Notionally “in-demand” fields such as Healthcare and Computing also encompass significant proportions of small programs: 35% and 37% respectively, with wide variations by state.
The Bottom Line
Over the past decade, total bachelor’s conferrals at public four-year institutions grew 12% (2023 vs. 2014), while total bachelor's programs offered grew 18% (50% faster). New programs can boost enrollment but risk cluttering an untended portfolio. Expect more state lawmakers to pay attention. Politics may cloud thinking, but the data suggests that some systems have questions to answer on productivity.
Institutional leaders would be wise to see opportunity. External pressure can help cut through thickets of internal decision-making. Adjacent programs accumulated (often in different departments) over time might benefit from a merger. The same may be true for some programs “duplicated” across systems.
The major-centric concept of programming might be judged out-of-step with employer interest in student adaptability and core skills. Not more “General Studies” degrees, but perhaps a cross-disciplinary synthesis that leverages the assets of a comprehensive university without the programmatic fragmentation. Faculty interest can be accommodated at the course and program levels. A “comprehensive” university might take different forms.

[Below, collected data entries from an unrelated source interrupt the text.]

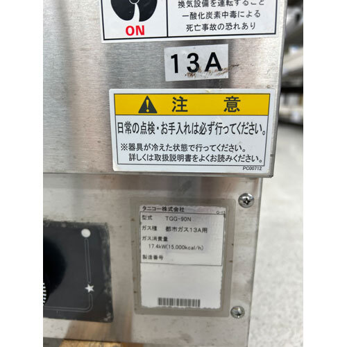 【業界最長1年保証】ガスグリドル タニコー TGG-90N 都市ガス 業務用 中古/送料別途見積
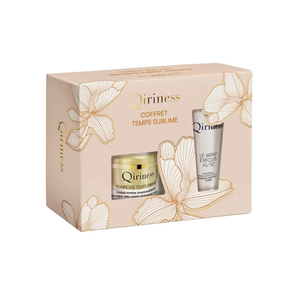 Das QIRINESS Templs Sublime Gift Set bietet eine umfassende Pflegeerfahrung, die speziell für die Bedürfnisse reifer Haut entwickelt wurde. Die Caresse Temps Sublime Creme überzeugt mit ihrer intensiven Well-Aging-Formel, die dazu beiträgt, Volumen und Elastizität zurückzugewinnen. Diese reichhaltige Creme enthält 93 % natürliche Inhaltsstoffe und wirkt als perfekter Begleiter im Kampf gegen die Zeichen der Zeit. Ergänzt wird das Set durch Le Wrap Exfolys au Riz, ein sanftes Peeling, das ebenfalls aus 93 % natürlichen Bestandteilen besteht. Dank seiner biomechanischen Wirkung entfernt es abgestorbene Hautzellen und verfeinert die Poren. Der Teint wirkt strahlend und erfrischt, wodurch Ihre Haut in neuem Glanz erstrahlt.
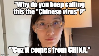 Still, she was understandable enough for Twitter to suspend her account, and the wrath of the Deep State and scientific establishment to descend upon her. Any chance the scientific establishment’s wrath could be tied to the untold billions they collectively receive from the ChiComs?
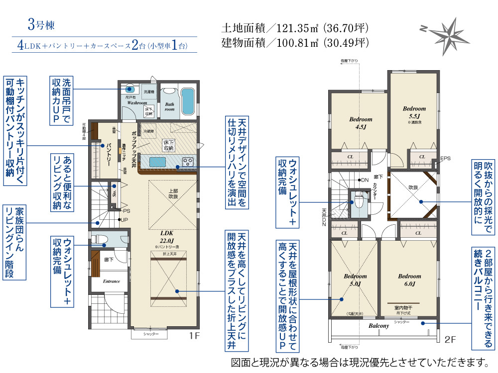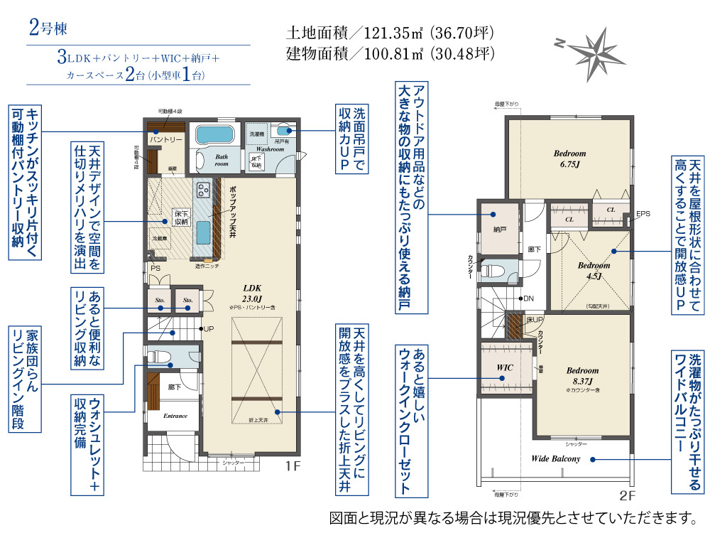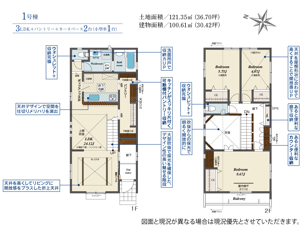 | 土地面積 | 121.35m² ~ 121.35m² 実測 | ||
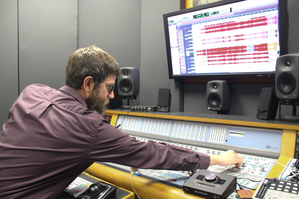 He says that his classes in the Brooks Center were his first exposure to Pro Tools editing software and multi-track mixing. After his first entry-level audio class, he was able to find a way into more advanced audio technology courses, eventually completing the capstone project, which was a 45-minute CD. His undergraduate thesis for the Honors College also centered on audio technology, focusing on analog-to-digital signal converters.

It is ironic that just as AI gives schools the ability to speed up program creation, a rush of new programs is the last thing most schools need. But AI can help refine, rationalize, and innovate, too.
Of course, the data may be misleading. Program definitions and reporting may be inconsistent between states, and the role of two-year and private schools may explain patterns in some jurisdictions. An online program may be thriving, while the campus version lags. Tallying programs and conferrals may overlook the contribution of “too small” programs to minors, non-degree programs, and General Education.
But do not expect lawmakers to appreciate such nuances. Enrollment and funding pressure are real and growing—never mind the politics.
Public or private, bachelor’s or master’s, simply adding programs is no longer a smart strategy for colleges and universities. Rethinking what a “program” is and how programs can make better use of resources are key to crafting a compelling student experience and brand. Involving enrollment management and marketing departments in program discussions can help balance faculty interest and financial viability.
Bottom line: Higher education has too many programs. The opportunity is to figure out how fewer programs can mean better programs.